Although the “biggest beneficiaries” are ETFs on the retail side and separate managed accounts on institutional side, Powers says CITs, which now have $3 trillion in assets at end of 2017, an 8.5% growth year over year, are growing more popular. These products are not governed by the Investment Company Act of 1940 nor need to be registered with the Securities and Exchange Commission. Instead they are regulated by the Office of the Comptroller of the Currency. They are largely designed for 401(k) plans and are tailored to match the plan strategy, as well are usually lower cost than mutual funds.

Other findings of the study:

    • Retail variable annuity sales have shrunk. Gross sales fell to $77.1 billion, while net sales slipped once again into negative territory, ($54.5 billion). Fixed annuity assets have expanded at a 10-year compound annual growth rate of 5.9%.

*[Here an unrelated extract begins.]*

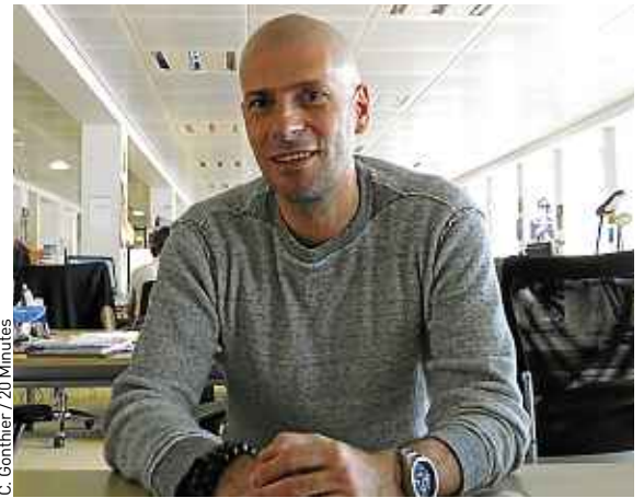
Il a chatté depuis la rédaction de « 20 Minutes », jeudi.

    • Wirehouses remain the largest retail channel, with $7.2 trillion in assets. Just behind them are retail direct investor platform channels with $6.9 trillion. However, “stripping out double-counting and non-addressable assets, both wirehouse and retail direct platform channel assets total $4.5 triliion,” according to the report.
  • The independent RIA channel had the largest year-over-year growth of 20.4%, with just less than $3 trillion in assets.
  • Financial advisor headcount rose to 311,305, with the largest percent increase of 4.8% in the independent RIA group, while retail bank broker-dealer group grew at 2.7% and national  and regional BDs at 2.1%.
  • Wirehouse advisors accounted for just 15% of all advisors by headcount but control 35.4% of all advisor assets.
  • Total high-net-worth client assets were $8.4 trillion in 2016. Private bank and bank trusts managing these funds are losing share, managing 34% of those assets.
  • Regarding institutional assets, 401(k)s, at about $5.5 trillion, grew 16% between 2016 and 2017.
  • IRA assets also grew past $9 trillion in 2017, up 13.9% over 2016.